Beginning Courageous Conversations about Race, from Everyday Antiracism

At POCC, I picked up two books: White Like Me, by Tim Wise,
which I read cover to cover in the week following the conference,
and Everyday Antiracism, a collection of essays specifically for
teachers, edited by Mica Pollock. I’ve begun reading through the
essays and came to this one, Beginning Courageous Conversations
about Race. It has prompted me to finally write some of my
reflections about my experience at POCC. The four principles are
this: 1) Stay engaged. I think POCC more than any conference has
made me more reflective about who I am and who others are. I find
myself very aware of race and behaviors, constantly searching for
microaggressions and bringing it up in conversations with people,
almost probing to see if others are willing to talk about it. I
find myself seeking out people who have a more developed racial
identity so that I can listen to how they speak and what they
think. 2) Expect to experience discomfort. Oh yes. Falling silent
because you’re not sure how not to say the wrong thing? Yep.
Worrying that you’ve already said the wrong thing? Yep. I live in a
world where people mostly agree. And when we don’t, everyone is
very nice about it. When you begin to see terrible inequities and
racism in the fabric of your reality and it feels like you are the
only one seeing it, yes, you could say it’s uncomfortable, though
that’s a bit of an understatement. But even in my shifted world
view, I’m expected to carry on as though nothing’s changed, have
polite and thoughtful conversations, be nice about it, even when I
want everyone to be jumping up and down with urgency for the change
needed. At POCC, one of the best sessions I went to was about how
white children are racially socialized. I forget the prompting
statement, but a black man stood up and said something to the
effect of, “I’m tired of our kids having to suffer just so you
[white people] can keep figuring out how to cope with race!” This
really made an impression on me. It IS my responsibility NOW to be
racially competent. 3) Speak your truth. I have two thoughts on
this. I am grateful for the many people I have around me who are
always willing to engage with me. Second, I think I don’t always
recognize who is and who isn’t ready and able to. I tend to drop
small bombs in informal conversations with statements about how
uninclusive something is or the lack of diversity in children’s
books, for example. It might catch the other person off guard,
which is maybe why I do it, but I need to find more constructive
ways of engaging with others on this topic. 4) Expect and accept a
lack of closure. One of my beliefs that was shattered (in a good
way, though tough at the time) at POCC, is that the sheltered
environment of an independent school, where people are nice and
teachers are thoughtful and the harsh reality of the world is kept
away, is a good thing. Actually, it’s just a magnification of white
privilege. Yikes. I love the school I grew up at and the two
institutions at which I have taught, and never would I have thought
that what we were doing was actually worse than the real world!

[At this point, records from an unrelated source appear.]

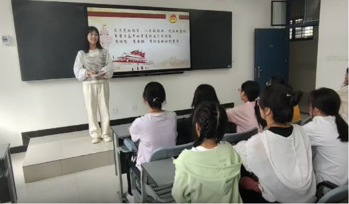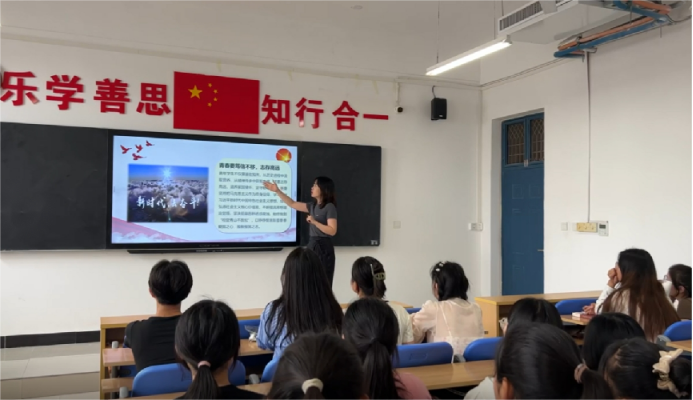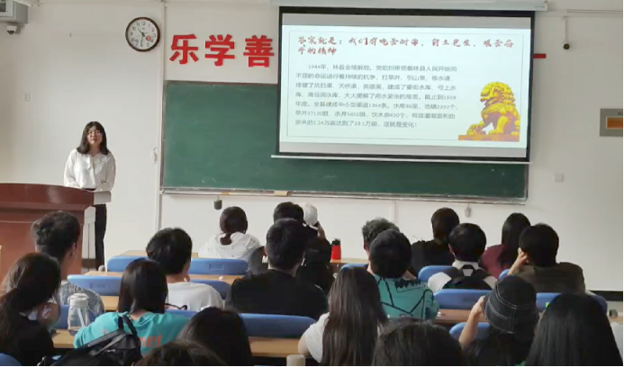 鲁梦琳老师讲解了红旗渠修建的艰难过程,带领同学们深入学习了“不认命,不服输”的红旗渠精神,深刻认识到红旗渠精神在新时期的重要意义。红旗渠修建前,林县百姓每天都要翻山越岭挑水吃。为了林县百姓福祉,在中国共产党的坚强领导下,林县人民仅凭双手和简陋的工具,修成了这工程浩大的红旗渠,在修建过程中,协调工作没有推诿扯皮、没有议而不决,而是讲政治、顾大局,一切从人民的利益出发,社会主义制度的优越性在红旗渠的修建过程中得到了充分体现。她指出,青年一代应当用全力谱写“奋勇争先,更加出彩”的青春答卷,让历久弥新的红旗渠精神成为自己的青春誓言。
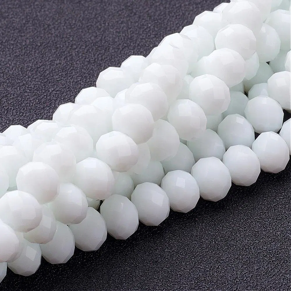 Margele de sticla fatetate, abacus, culoare - alb mat, diametru - 8 mm, grosime - 6 mm, diametru gaura - 1 mm.
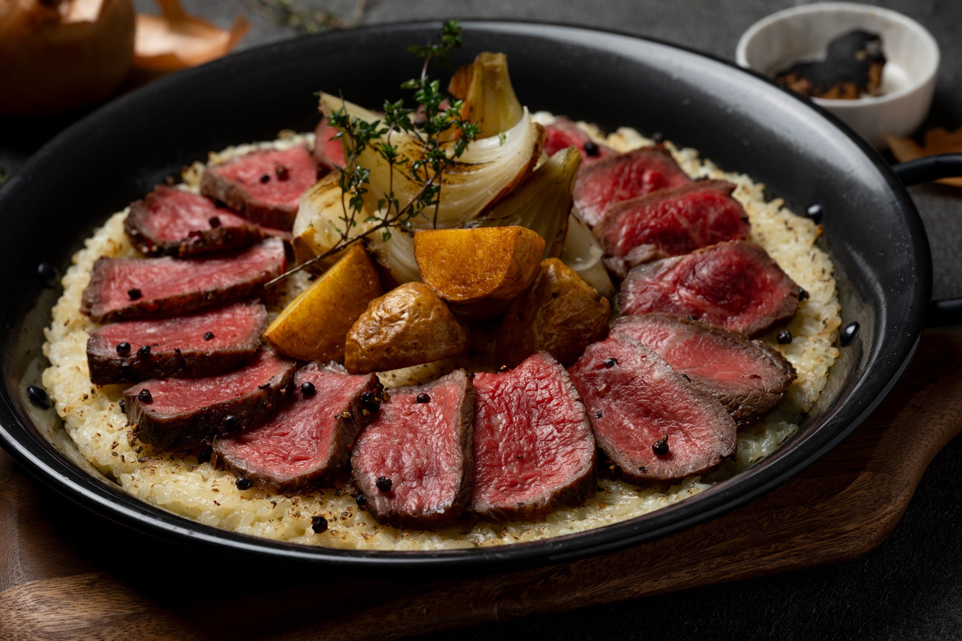 メイン② ・黒毛和牛ステーキとチーズ焼きリゾット 燻製の香りを添えて

Unpacking white privilege as it relates to independent schools is
an essential next step in my commitment to education and to who I
am as a person. I worry about sharing these thoughts publicly. In a
time when everything written can come back to haunt, I fear these
words will get taken out of context or that when I’ve gone further
down this journey, I’ll look back and judge my naïveté. But I will
be courageous and speak my truth and be gentle with myself, as I
would with others and hope they would with me. Thank you for
reading and being on this journey with me.